Re: [PATCH v2] index-pack: remove fetch_if_missing=0

Kousik Sanagavarapu <five231003@xxxxxxxxx> · Sun, 12 Mar 2023 22:46:13 +0530

On Sat, 11 Mar 2023 at 03:11, Junio C Hamano <gitster@xxxxxxxxx> wrote:
>
> I admit I haven't thought about it any longer than anybody who
> touched this topic, but should "fetch_if_missing=0" really be
> treated as "it was a dirty hack in the past, now we do not need it,
> as all callers into the object layer avoids lazy fetching when they
> do not have to, so let's remove it"?  It looks to me more and more
> that the old world-view to disable lazy fetching by default and have
> individual calls to the object layer opt into fetching as needed may
> give us a better resulting code, or is it just me?

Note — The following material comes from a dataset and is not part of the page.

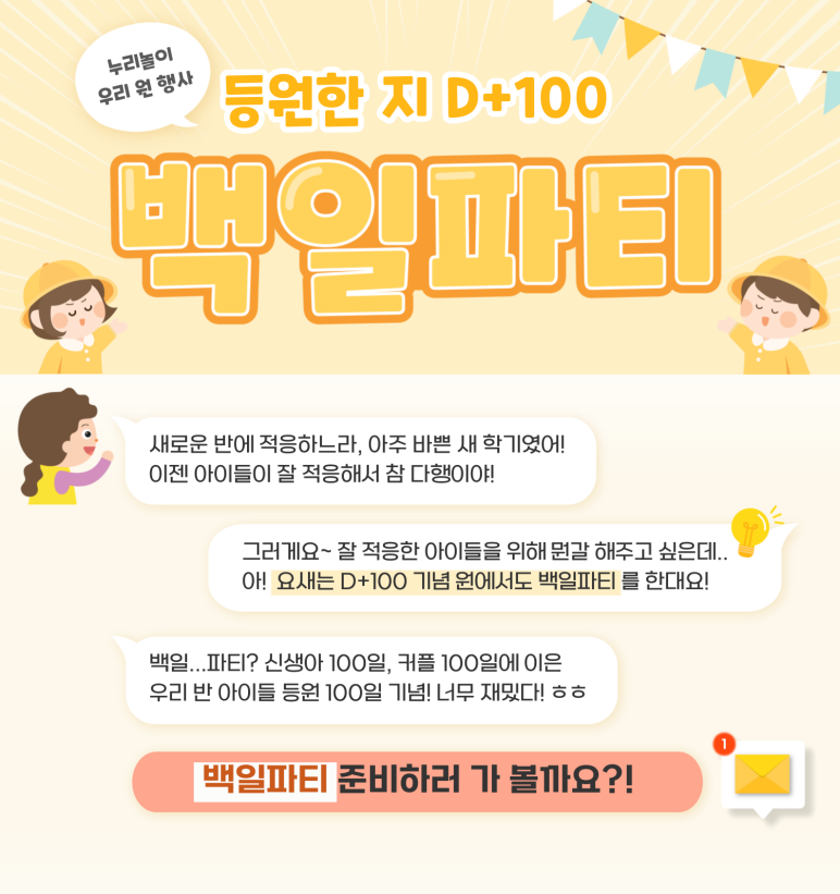 요즘 원에서는 등원 100일을 기념하는 행사를 많이 진행하고 있습니다.

I think having a single function to check for object existence, which is
compatible with partial clones is better, because the end goal is to
completely integrate the concept of partial clones with git's codebase
and not have code that worries "Oh, there maybe bugs here because
what if the user has a partial clone", everytime the code does an object
existence check (that is, a call to has_object_file() or any of its
related functions) and just have fetch_if_missing set to 1 or 0, according
to the particular command.

It is also true that has_object() is not that "single function", because
in cases where we are missing an object in partial clone and want it,
has_object() has no way of fetching it. With or without flags (it only
supports one flag which, when set, rechecks packed storage), it does not
lazy-fetch in a partial clone. But there are cases where we need such
objects, such as the commands that come into "family (b)" [1].

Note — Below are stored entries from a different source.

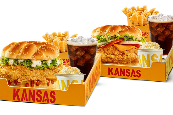 3 قطع دجاج، 1 بطاطس صغيرة، 1 سلطة كول سلو صغيرة، 1 برجر لحم بقري، كاتشب، خبز، 1 مشروب من اختيارك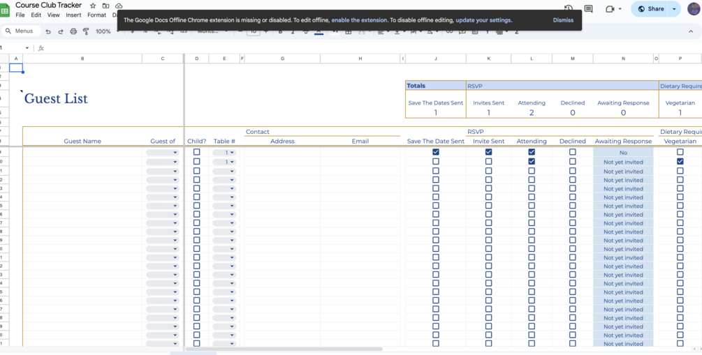 7. Fully Functional Google Sheet.** Seat Charts, Checklist/To-do list, Guest list tracker and more.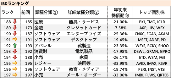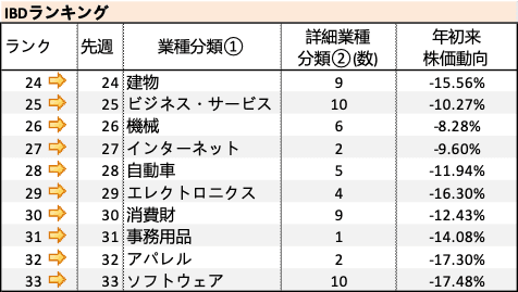 詳細業種分類ごとに、年初来の増加率以外の要素も含めて強い業種を並べた IBD ランキング。

So, why not use oid_object_info_extended() directly, instead of wrapping
it with some other function, whenever we are checking for an object's
existence. We can skip lazy-fetches whenever we want with
OBJECT_INFO_SKIP_FETCH_OBJECT and can also prefetch with
OBJECT_INFO_FOR_PREFETCH [2].

[1] https://lore.kernel.org/git/20230311025906.4170554-1-jonathantanmy@xxxxxxxxxx/

[2] pack-index itself is one example of where this is done.

    When we don't have REF_DELTA bases, we bulk prefetch them

	    if (has_promisor_remote()) {
                     /*
                      * Prefetch the delta bases.
                      */
                     struct oid_array to_fetch = OID_ARRAY_INIT;
		     for (i = 0; i < nr_ref_deltas; i++) {
                             struct ref_delta_entry *d = sorted_by_pos[i];
                             if (!oid_object_info_extended(the_repository, &d->oid,
                                                           NULL,
                                                           OBJECT_INFO_FOR_PREFETCH))
                                     continue;
                             oid_array_append(&to_fetch, &d->oid);
                     }
                     promisor_remote_get_direct(the_repository,
                                                to_fetch.oid, to_fetch.nr);
                     oid_array_clear(&to_fetch);
             }

    Instead of going object-by-object, which is basically like an
    infinite loop in large repos and partial clones are widely used
    in large repos.